Skip to main content

KEYNOTE: Reconfigurable Microwave Photonic Systems: Innovations and Outlook

We review recent progress in optoelectronic oscillators (OEOs) and microwave photonic (MWP) signal processing, emphasizing reconfigurable systems that enable tunability, multifunctional capability, and improved performance metrics. First, we introduce OEO architectures that support dynamic reconfiguration between single-tone, dual-tone, and mode-locked operation using programmable MWP filters. Building on this foundation, we demonstrate that incorporating cascaded zero-dispersion recirculating loops effectively suppresses multimode competition, achieving record-high single-mode suppression ratio while ensuring excellent phase noise performance. We then extend this concept to ultra-high-harmonic mode-locking and realize orders up to the 946th harmonic, enabling the generation of broadband microwave combs. Complementary efforts on dispersion-tuned mode-locking provide frequency agility without the need to introduce complex system setups. Second, we describe quantum dash optical frequency comb sources (QD-OFCs) for multifunctional MWP processors capable of performing a broad range of signal processing functions, including integer and fractional Hilbert transforms, differentiation and integration, analog-to-digital conversion, instantaneous frequency measurement, and reconfigurable beamforming.

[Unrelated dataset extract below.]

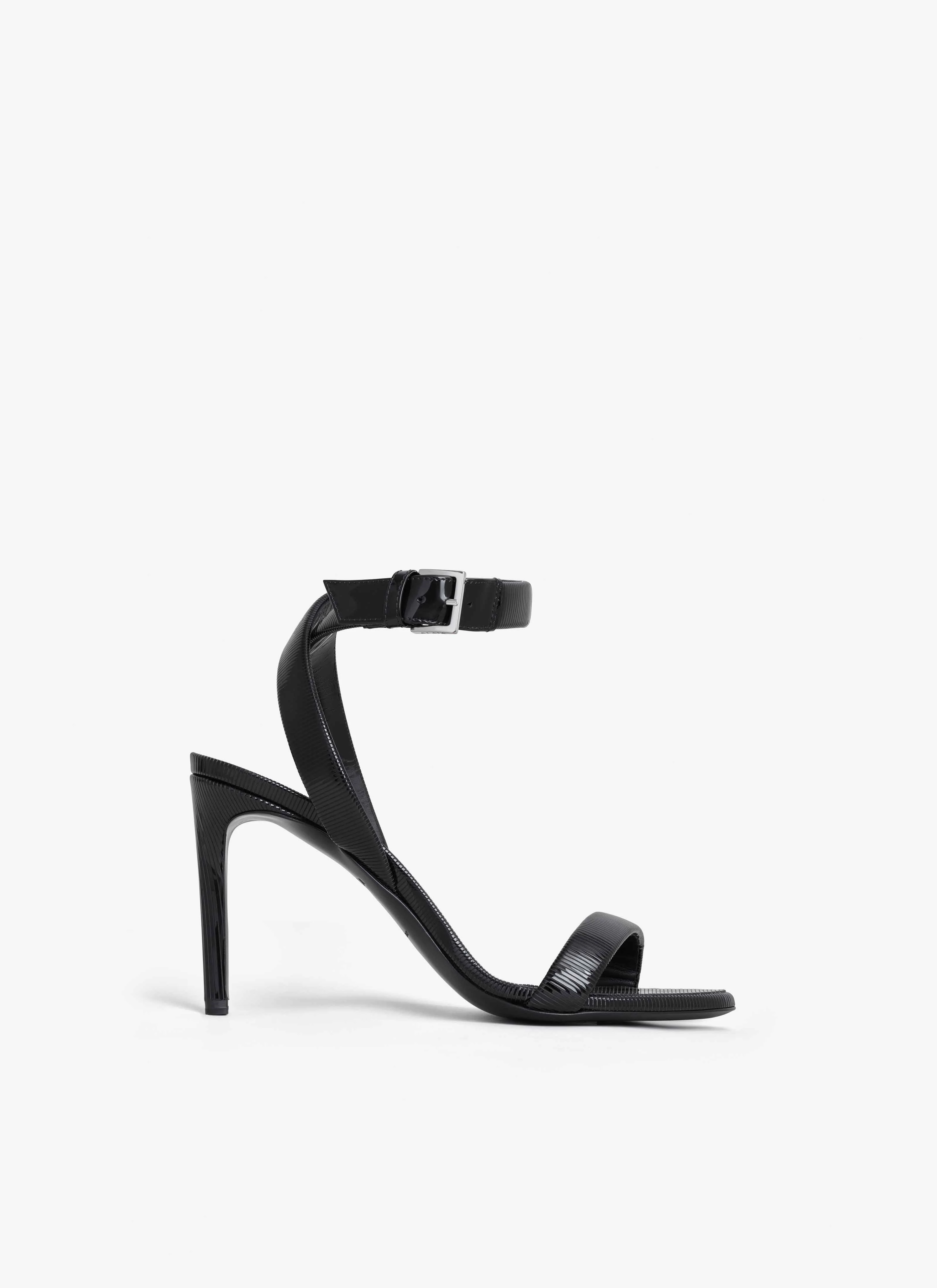 Stiletto sandals with an adjustable ankle strap Covered heel and insole Patent fine laser-ribbed calfskin leather creating a trompe l'œil chain effect 90mm heel Made in Italy DETAILS MAIN LINING:100%LAMBSKIN SOLE:80% CALFSKIN LEATHER 20% RUBBER UPPER MATERIAL 1:100% CALFSKIN LEATHER PRODUCT REFERENCE : AA3S135CK322 - 999

These systems exploit the key features of QD-OFCs, namely uniform (flat) comb spectra, large number of comb lines, and high optical signal-to-noise ratio, and have strong potential for integration. Finally, we review recent advances in programmable integrated photonics, particularly in silicon and lithium niobate on insulator, for multifunctional MWP signal processing, positioning programmable MWP technologies as a cornerstone for future agile, multifunctional RF/optical front ends. Collectively, these developments underscore how reconfigurable MWP systems can deliver high-performance signal processing solutions for RF communications, sensing, and instrumentation.